Miguel ya conocía el lugar pero a ella era la primera vez, lo tomé de la mano y nos
fuimos a donde guardo las herramientas mientras Ursula se contoneaba o hacía el esfuerzo
para regresar a la sala. Le pasé a Miguel los clavos envueltos en papel periódico y nos
fuimos a su ritmo al murote la sala donde colgaríamos los cuadros, ahí estaba ella, tapada
con un cojín enorme que sólo dejaba ver aquellos bultos de pétalos que, dice, son sus pies
y su rostro rojo, enorme.
—Ella es una amiga, Ursula...- le dije y volteó a verla y sólo la vio, la vio solamente y
luego me miró a mí. Ella le dijo “bonito” mientras se arreglaba el cabello con un peine y sin
dejar de mirarlo.
Apoyé la punta de un clavo en la pared y empuñé el martillo.
-¿A dónde se va la mezcla cuando clavas un clavo? preguntó Miguel…

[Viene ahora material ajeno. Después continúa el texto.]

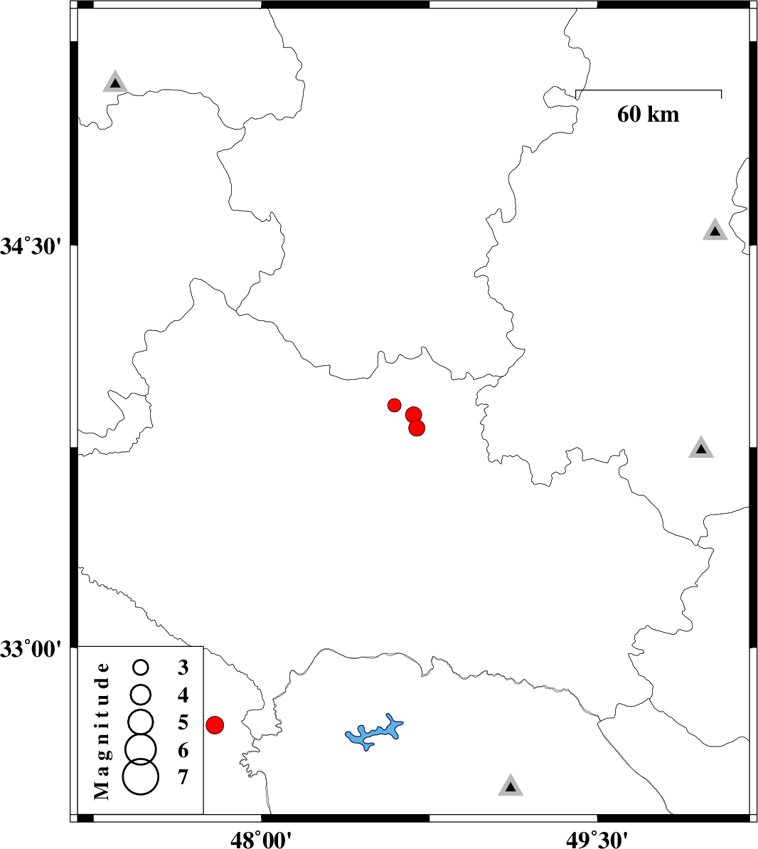 | 2016/06/09 | 06:04:13.5 | 10:34:13.5 | 33.822 | 48.693 | 15 | ML:3.2 | Lorestan Province, 10 km of Borujerd | ||

Era cierto, tenía razón, ¿a dónde?, ¿adónde demonios se va la mezcla cuando el


acero la desplaza, de golpe, en un suspiro?, ¿donde queda?, ¿que pasa con ella?, ¿por qué?,
¿adónde?, ¿a dónde?

Así que lo tomé del brazo y nos salimos a la calle para poder buscarle una respuesta,
para poder pensar, porque yo no tengo las respuestas, no tengo las respuestas casi de
ninguna cosa. Además, no ver a Ursula y un helado le harían mejor al niño. En el camino
Miguel me preguntó si Ursula era una gallina y esa respuesta sí la conocía.